Summary of MySQL data optimization methods

Database study notes record

1. Select the most applicable field attributes

1. The field width should be as small as possible

MySQL can well support the access of large amounts of data, but generally speaking, the smaller the table in the database, the faster the query executed on it. Therefore, when creating a table, in order to obtain better performance, we can set the width of the fields in the table as small as possible.
For example, when defining the postal code field, if it is set to CHAR(255), it obviously adds unnecessary space to the database, and even the use of VARCHAR is redundant, because CHAR(6) can be very good Completed the task. Similarly, if possible, we should use MEDIUMINT instead of BIGIN to define integer fields.

2. Try to set the field as non-NULL

Another way to improve efficiency is to try to set the field to NOTNULL when possible, so that the database does not need to compare NULL values when executing queries in the future.

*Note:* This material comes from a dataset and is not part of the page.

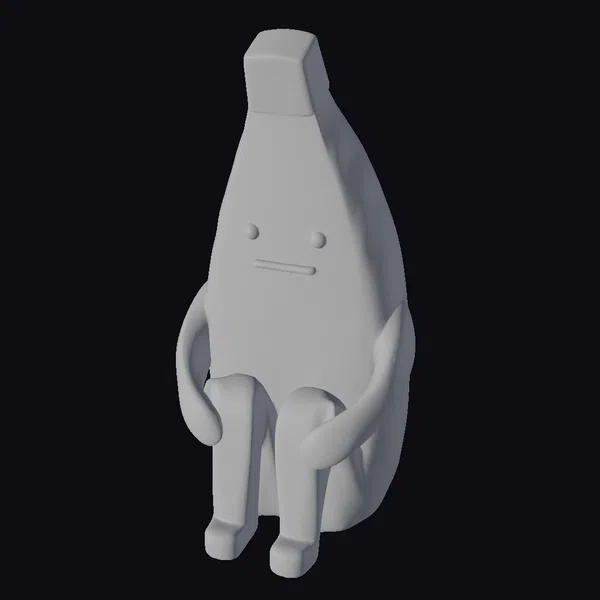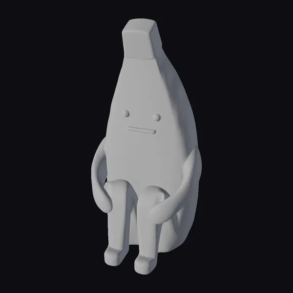 Detailed with precision, this charming banana character sits serenely, its body a vibrant yellow that captures the eye. The chocolate-topped hat adds a touch of sophistication, contrasting beautifully with the banana’s smooth texture. Its facial features are subtly defined, with small eyes and a slight frown that adds to its charm. The arms are bent at the elbows, resting on the knees, which are slightly apart, giving it a relaxed yet contemplative pose. This model is perfect for projects requiring a dash of humor and whimsy, such as animations, games, or even 3D printing. Its cartoonish style ensures it will stand out in any scene.

3. Set the classification data to ENUM type

For some text fields, such as "province" or "gender", we can define them as ENUM type. Because in MySQL, ENUM type is treated as numeric data, and numeric data is processed much faster than text type. In this way, we can improve the performance of the database.

Two, use join (JOIN) instead of sub-queries (Sub-Queries)

Using subqueries can complete many SQL operations that logically require multiple steps to complete at one time. At the same time, it can also avoid transaction or table lockup, and it is easy to write. However, in some cases, sub-queries can be replaced by more efficient joins (JOIN)... For example, suppose we want to fetch all users who have no order records, we can use the following query to complete:

SELECT*FROM customer_info
WHERE customer_id  NOT IN (SELECT customer_id FROM sales_info)

If you use JOIN... to complete this query, the speed will be much faster. Especially when there is an index on CustomerID in the sales_info table, the performance will be better. The query is as follows:

SELECT*FROM customer_info
LEFT JOIN sales_info ON customer_info.customer_id=sales_info.customer_id
WHERE sales_info.customer_id IS NULL

The reason why JOIN is more efficient is that MySQL does not need to create a temporary table in memory to complete this logical two-step query.

Three, use union (UNION) instead of manually created temporary table

The UNION operator is used to combine the result sets of two or more SELECT statements.
Note that each SELECT statement within UNION must have the same number of columns. The columns must also have similar data types. At the same time, the order of the columns in each SELECT statement must be the same.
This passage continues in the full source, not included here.